• **WHAT YOU NEED TO DO**
Pictures excluded, please transcribe exactly the lines from the one with "Плед Гороскоп 2026" through the end of the records below, and nothing more.

• **DATA EXTRACTS**

####################

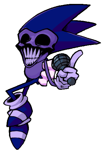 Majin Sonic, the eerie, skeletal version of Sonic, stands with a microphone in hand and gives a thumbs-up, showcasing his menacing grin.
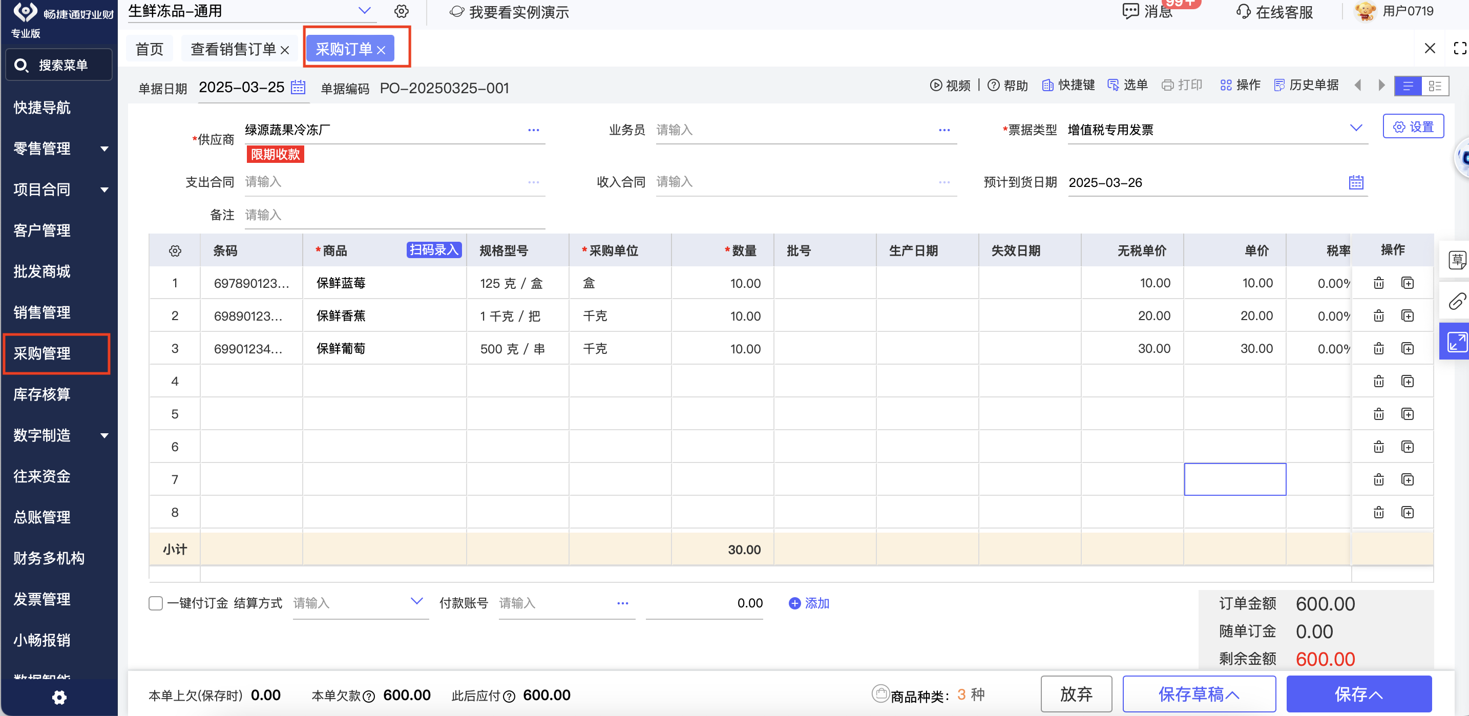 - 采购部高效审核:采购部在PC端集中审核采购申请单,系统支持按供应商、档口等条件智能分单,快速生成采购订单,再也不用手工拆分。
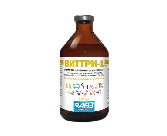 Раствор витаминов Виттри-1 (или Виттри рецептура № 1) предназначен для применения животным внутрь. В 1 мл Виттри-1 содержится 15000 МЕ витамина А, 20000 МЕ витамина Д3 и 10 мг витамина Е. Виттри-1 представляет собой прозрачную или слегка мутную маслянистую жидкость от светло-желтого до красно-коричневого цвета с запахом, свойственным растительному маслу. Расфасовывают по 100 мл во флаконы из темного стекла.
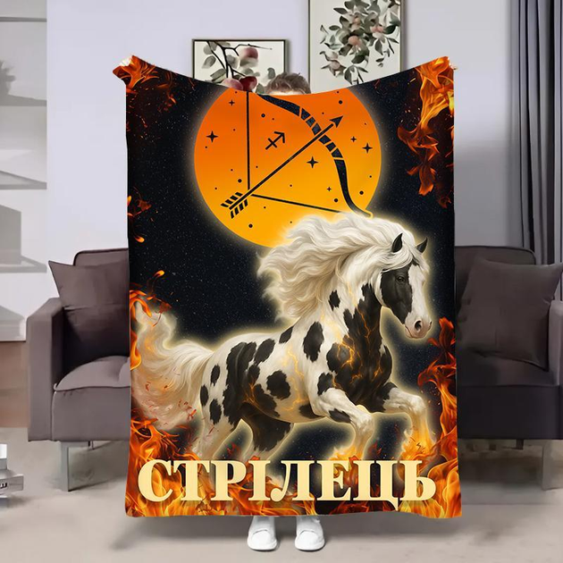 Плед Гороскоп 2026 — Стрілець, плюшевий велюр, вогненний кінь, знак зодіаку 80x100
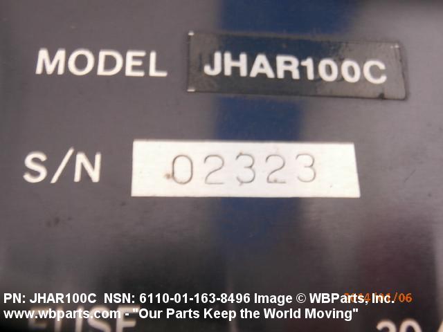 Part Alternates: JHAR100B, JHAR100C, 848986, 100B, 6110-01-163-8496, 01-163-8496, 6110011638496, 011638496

####################

• **YOUR SOLUTION**
 Плед Гороскоп 2026 — Стрілець, плюшевий велюр, вогненний кінь, знак зодіаку 80x100
 Part Alternates: JHAR100B, JHAR100C, 848986, 100B, 6110-01-163-8496, 01-163-8496, 6110011638496, 011638496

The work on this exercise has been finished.